## [Information supplied]
··········

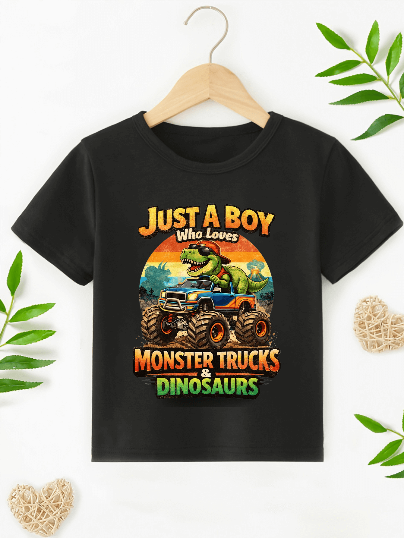 Just a Boy Who Loves Monster Trucks & Dinosaurs T-Shirt
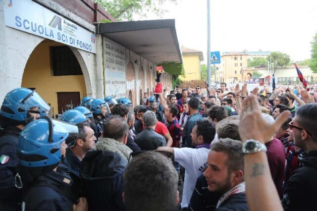 Bologna: la squadra rossoblu perde lo spareggio salvezza contro il Catania, e un folto gruppo di ultrà inferociti (circa 200) sommerge di insulti i giocatori all’uscita dello stadio mentre un cordone di poliziotti in tenuta anti-sommossa si schiera per evitare ogni “contatto”.
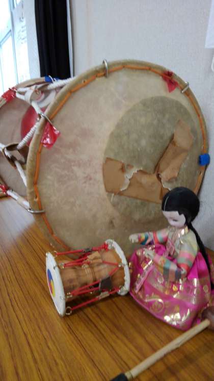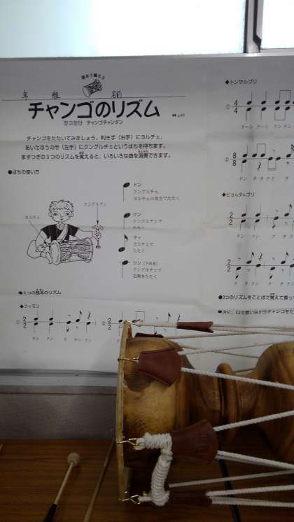 多目的室に楽器や文字についての掲示があります。

··········

## [Task to carry out]
Make an exact copy of the listing above. Do not include the pictures.

## [Your solution]
 Just a Boy Who Loves Monster Trucks & Dinosaurs T-Shirt
 Bologna: la squadra rossoblu perde lo spareggio salvezza contro il Catania, e un folto gruppo di ultrà inferociti (circa 200) sommerge di insulti i giocatori all’uscita dello stadio mentre un cordone di poliziotti in tenuta anti-sommossa si schiera per evitare ogni “contatto”.
 多目的室に楽器や文字についての掲示があります。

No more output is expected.